Long, long ago (almost a month now) I promised to supply a couple excerpts from All I Survey. Right, here you go.
From On Fictional Conventions:
Again and again, the modern reader may read a sentence like this: “Peter had already noticed a smiling, blue-eyed girl, with a bright, shingled head, slip in among the new-comers, suspected of being gate-crashers, who thronged the door.” Or the sentence may run: “Slim, lithe, and brown-eyed, with a delicate and fiery tan, Joan stood poised on the distant rock, about to dive.” There are a hundred other examples; but all habitually assume that the first thing that anybody notices about a woman is the colour of her eyes. Now, it is perfectly possible to be on tolerably intimate terms with a person for a long time and yet be unable to recall suddenly the colour of his or her eyes. And certainly nobody ever saw the colour of a stranger’s eyes all the way across a ball-room in Mayfair, a big studio in Chelsea, or the wide sands at Lido. One would suppose that a girl’s blue eyes were enormously big blue lanterns, and shone afar off like the green and red lanterns of a railway signal.

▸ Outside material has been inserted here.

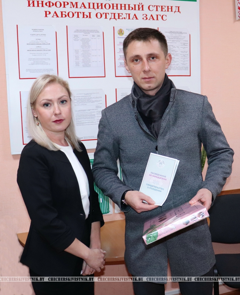 Этот день рождения для Чечерского отдела ЗАГС особенно примечательный. В его преддверие состоялось 100-я регистрация рождения. Это радостное событие впервые произошло в семье Журбиковых. Для маленького Марка – это первый в жизни государственный документ. Начальник ЗАГСа Наталья Николаевна произнесла теплые и сердечные слова в адрес маленького чечерянина и пожелала ему вырасти достойным гражданином.

I knew a lady, with a very hearty sense of humour, whose business it happened to be to write frankly conventional romances for the old frankly conventional Press, the Press that provided healthy but somewhat sentimental serials and novelettes. She got great fun out of her functions and she told me once that she had written a long serial romance, with a stately and tragic heroine, only to be told at the end that the public, or at least the publishers, insisted on a petite and sparkling heroine. With a noble calm, disdaining to alter a single incident in the whole narrative, she merely went through the manuscript, altering black eyes to blue eyes… Amanda’s large and shady hat grew less large and shady, and was turned up with a rose or something; her raiment grew less sweeping and severe; but nothing else needed any alteration. And it sometimes seems to me that many who write in the most revolutionary fashion write quite as much according to a revolutionary formula. They merely go through their own story and put in the terms which are supposed to make the heroine chic or distinguished, according to the momentary modern conventions of unconventionality. The heroine has no more real individuality, amid all the fuss of individualism, than the adaptable Amanda whose eyes turned so easily from black to blue.
If Homer had written a realistic description [of Helen of Troy], it would have seemed to us a rather vulgar description… But ages shall pass and civilizations shall perish, and time shall never turn the keen edge of that great indirect compliment, that older and wiser fashion of describing the effect and not the external instruments.